Gardner: And joining us for the first time, JP Morgenthal, senior analyst at Burton Group. Good to have you, JP.

JP Morgenthal: Thanks, Dana, and I'll jump on the Festivus wagon as well.

Shadow IT


Gardner: Let me start with the predictions. It gives me a chance to steal the thunder and get out there first.

My first prediction for 2009 is that spending from shadow IT activities will actually grow, and that the amount of money devoted to shadow IT activities will come from outside traditional IT budgets, from a variety of different sources, maybe even petty cash, and we'll see a bit of growth in these rogue activities.

At the same time, I think we will see a flattening, and in many cases a reduction, in officially sanctioned IT activities, but that the net result will actually be more spending overall across a variety of activities based on services and consulting as much as actual buying of licensed software and hardware products.

The risk is that these rogue applications can make it complex for governance, management, and even security, but that moving into these areas for business development purposes is going to be an overwhelming temptation. There will be more opportunities in the cloud, software as a service (SaaS), applications as a service, and for folks like marketers, business analysts, and business development professionals to take advantage and move in the market.

We're going to be looking at aggressive sales activities and new ways of reaching consumers of all kinds, across B2B and B2C activities.
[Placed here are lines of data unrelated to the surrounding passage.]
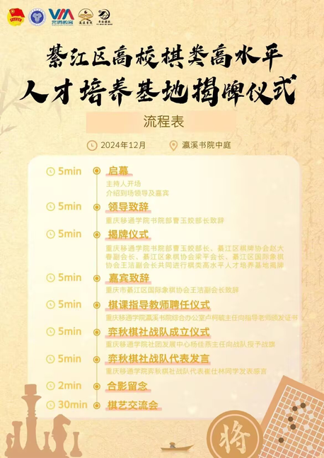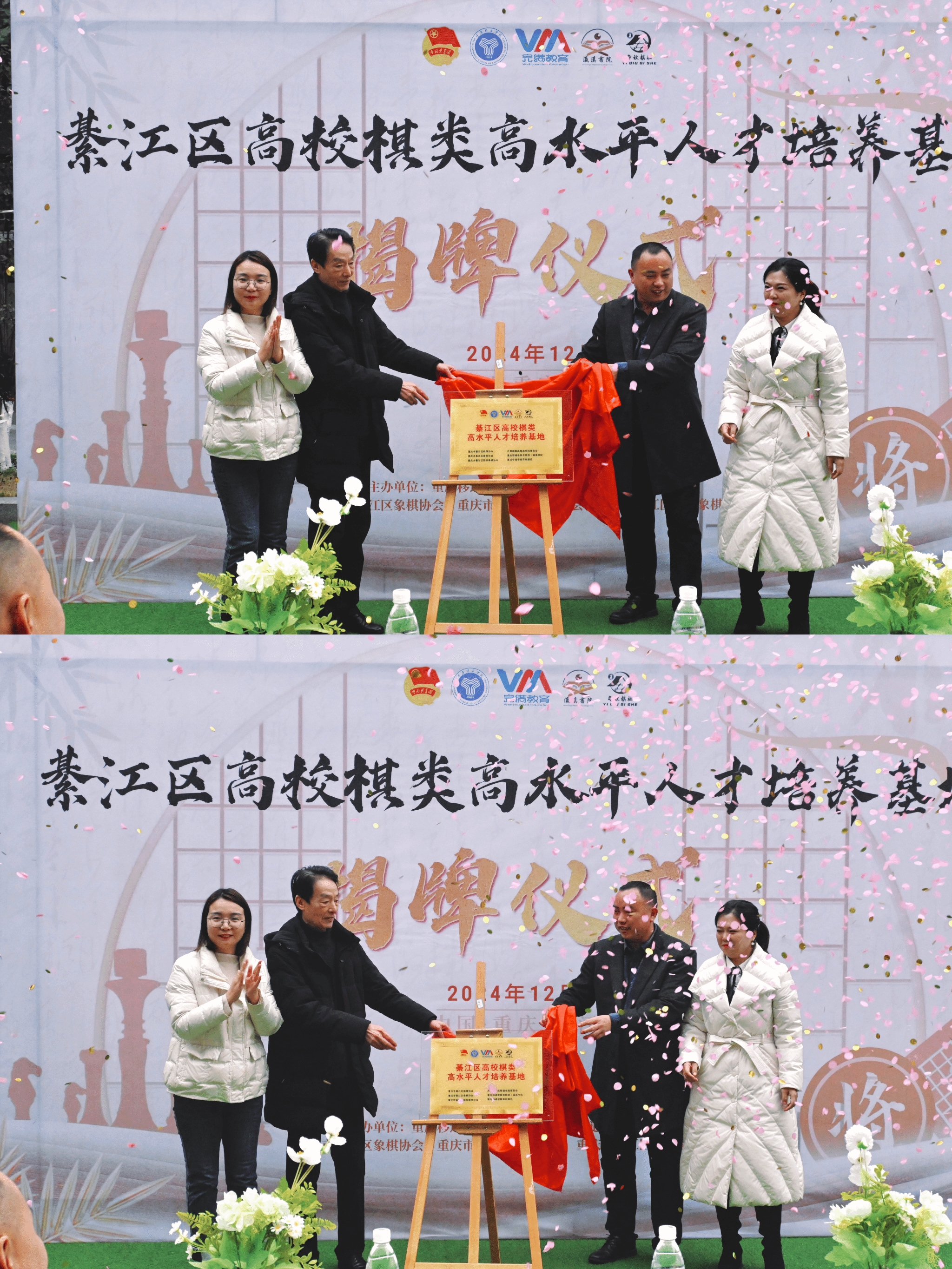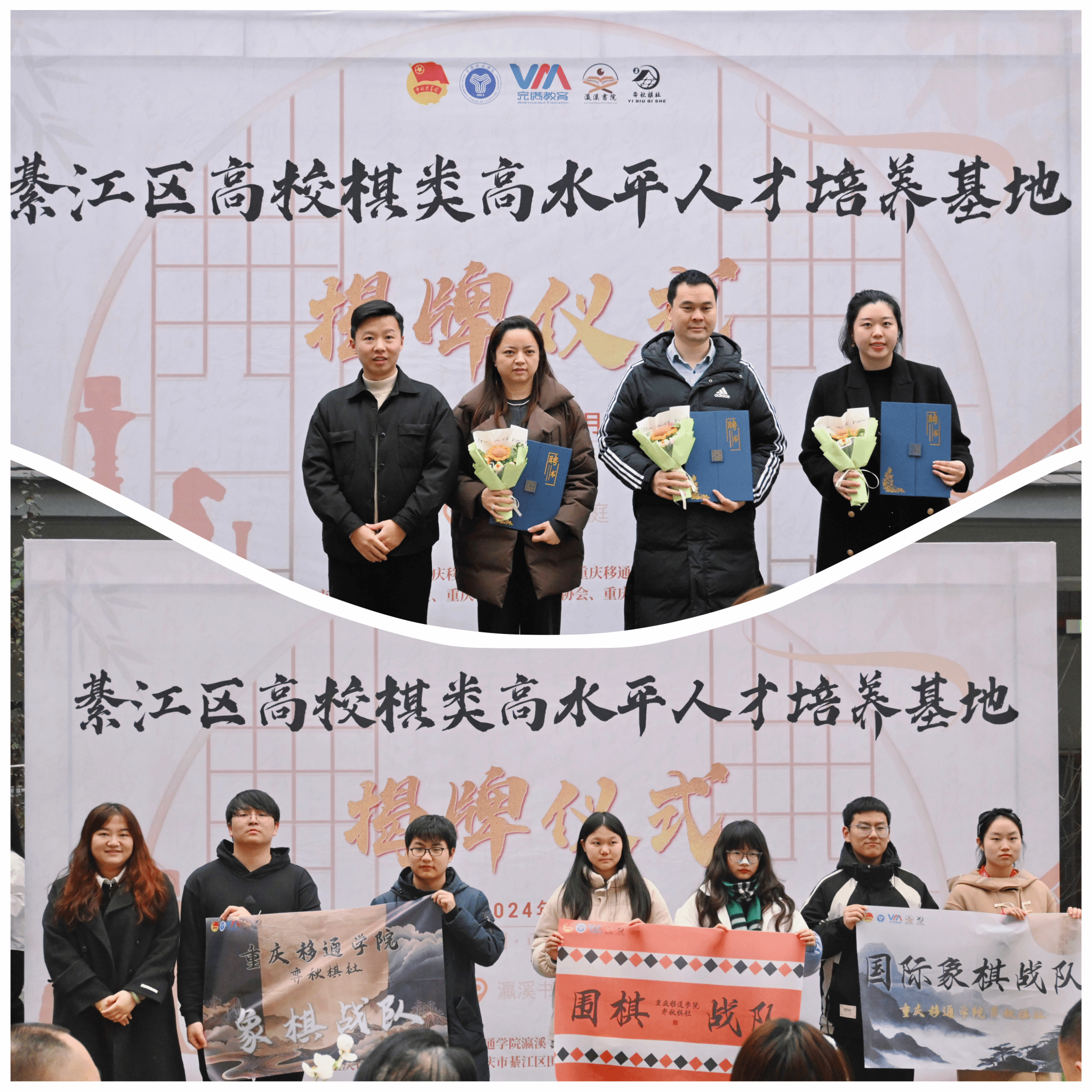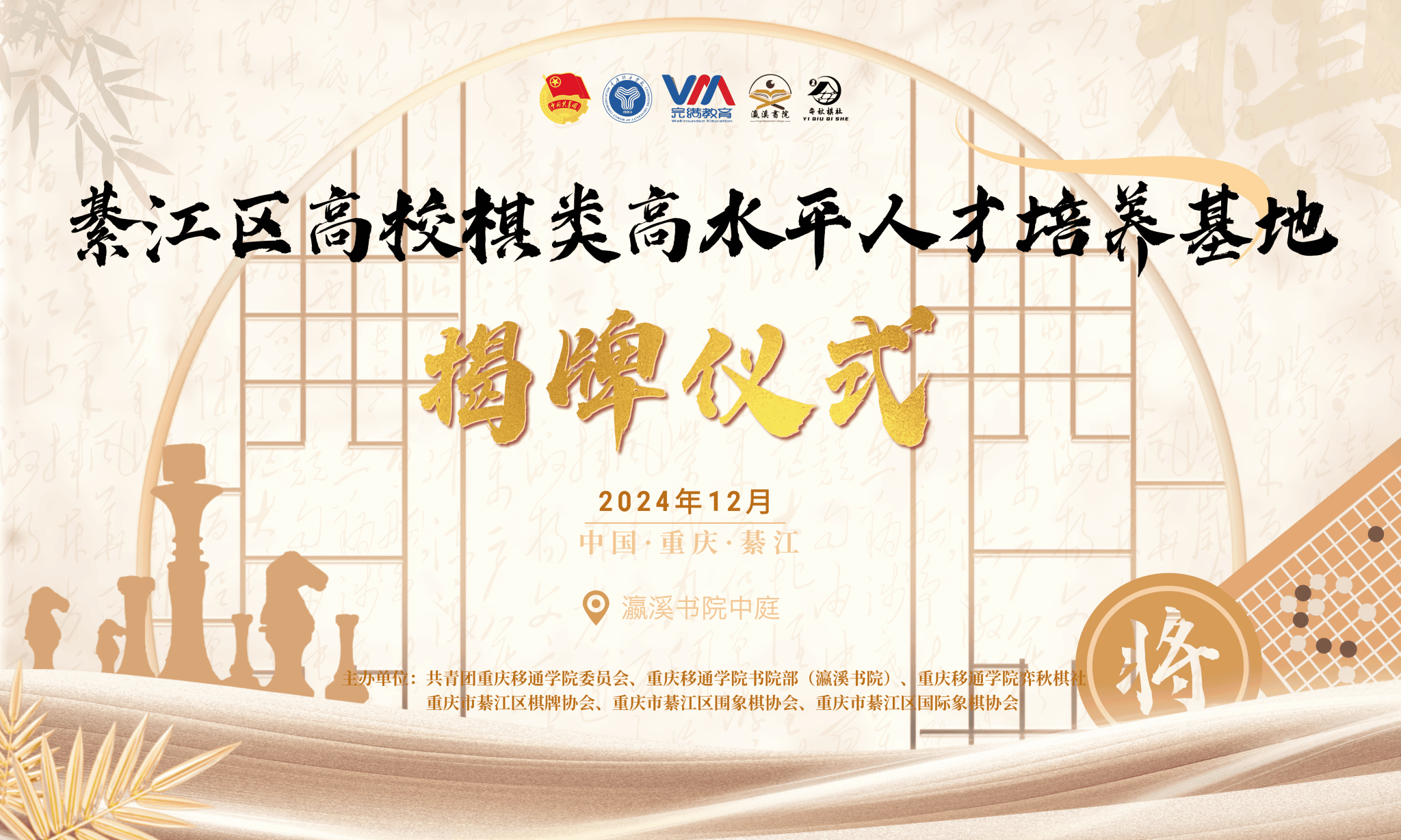 本次揭牌仪式由共青团重庆移通学院委员会、重庆移通学院书院部(瀛溪书院)、重庆移通学院弈秋棋社、重庆市綦江区棋牌协会、重庆市綦江区象棋协会和重庆市綦江区国际象棋协会联合主办,邀请到綦江区三大棋协各协会领导和协会成员参与,并对綦江区高校棋类高水平人才培养基地现有的培养资源、培养体系及未来的培养方向、培养路径进行研讨,期望整合各方资源,形成合力,将棋类运动的精髓融入高校教育体系,进一步锻炼学生的前瞻思维和逻辑能力,也为棋类人才培养基地建设和棋类运动的可持续发展提供有力支撑。
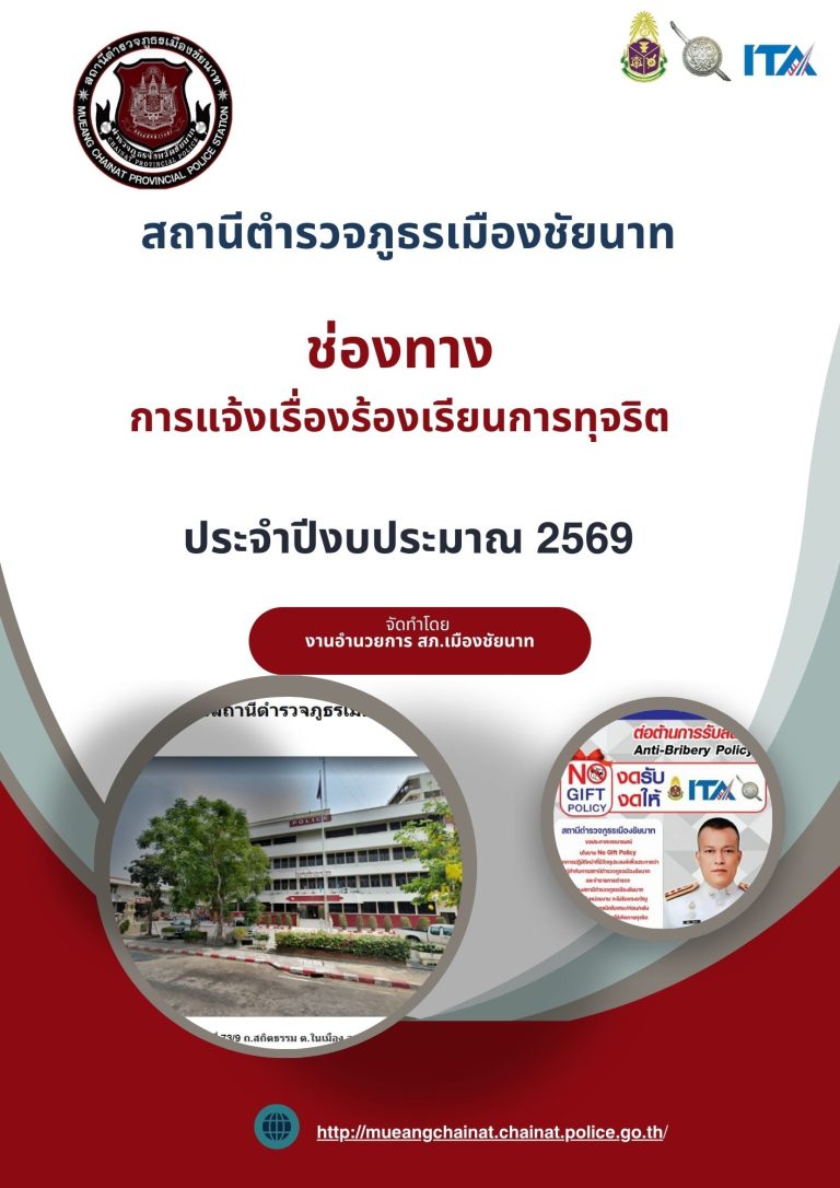 -จัดทำประกาศ สถานีตำรวจภูธรเมืองชัยนา  เรื่อง มาตรการป้องกันผู้แจ้งเบาะแสการทุจริต
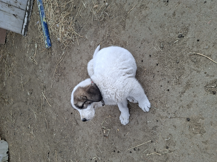 In Moshtanets, Bulgaria, a white puppy with brown markings on its head and ears, wearing a dark collar, is observed lying on a dirt surface. The puppy is positioned on its stomach, with its head raised and turned to the left. The ground is sparsely covered with dry straw and small, dark, granular pellets. In the background to the upper right, a light-colored wooden board or panel leans vertically, and a blue-painted object rests horizontally on the ground amidst additional straw.
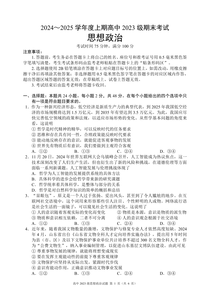四川省成都市蓉城名校联盟2024-2025学年高二上学期期末考试政治
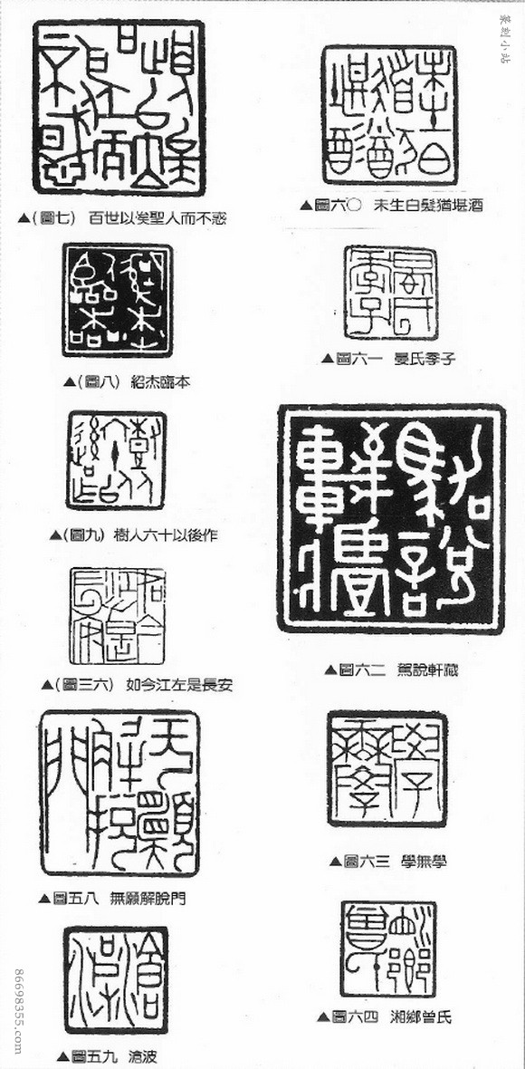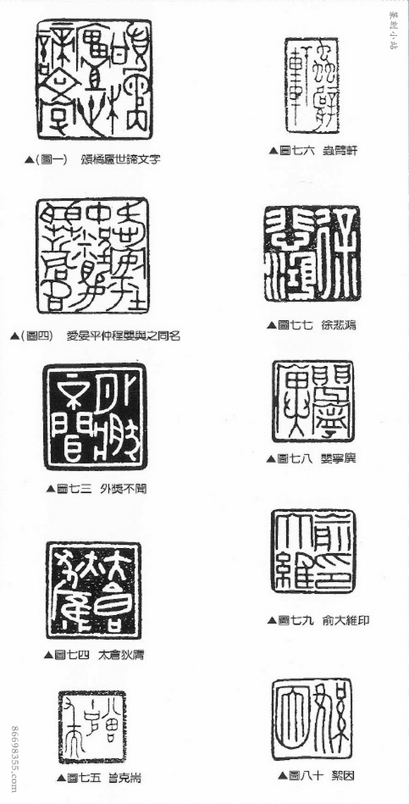 其弟子曾绍杰在《乔大壮印蜕》序中赞道:“字形无论繁简,务使揖让回互,貌接神融,以成其章。”乔大壮深谙古文字结构,对黄士陵几何构图形式的美术化手法了然于胸。他坚持“因缘生法,万有不同”的原则,凭借其超强的变通能力和对章法的苦心孤诣,以及川中文人独有的奇诡和诙谐情趣,融多种形态的线条、块面于一印之中,极尽穿插错落之能事。将印面空间划分技巧发挥到出神入化的境地,使作品散发出现代艺术的气息与美感。
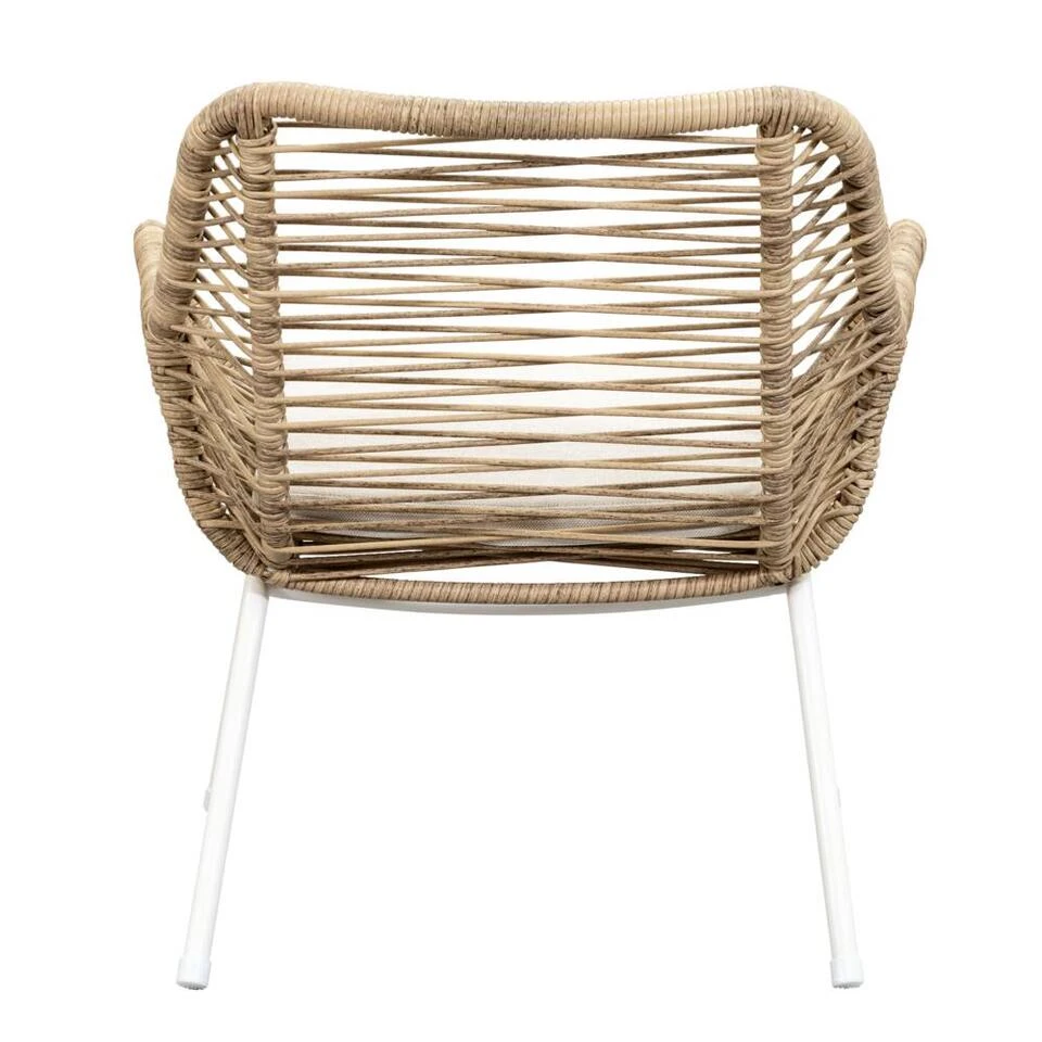 Loungefauteuil Grand heeft een metalen frame met een wicker zitting, rug- en armleuning in een naturel kleur. Het inbegrepen kussen is crèmekleurig en past perfect bij de natuurlijke uitstraling van de stoel. De fauteuil heeft een afmeting van 78x73x71 cm en kun je met mooi weer heerlijk in wegzakken.

I expect very little staff erosion in IT, but I think there will be a change in emphasis as to what IT is, defining it differently. Service-oriented architecture (SOA) is going to continue to grow, but Web oriented architecture (WOA) will probably overtake it and perhaps become a catalyst to some of these rogue activities. There will be a blurring between which WOA activities happen inside IT and outside.

So, my second prediction is that inside of traditional IT we're going to find a lot of new ways to quickly cut costs. This is going to be a drill for organizations to not spend money or spend less money. Virtualization will be a big part of that. Hypervisors will perhaps go commodity, and the value-add in the virtualized environment is going to be at the stacks -- virtualized stacks or containers at the applications level.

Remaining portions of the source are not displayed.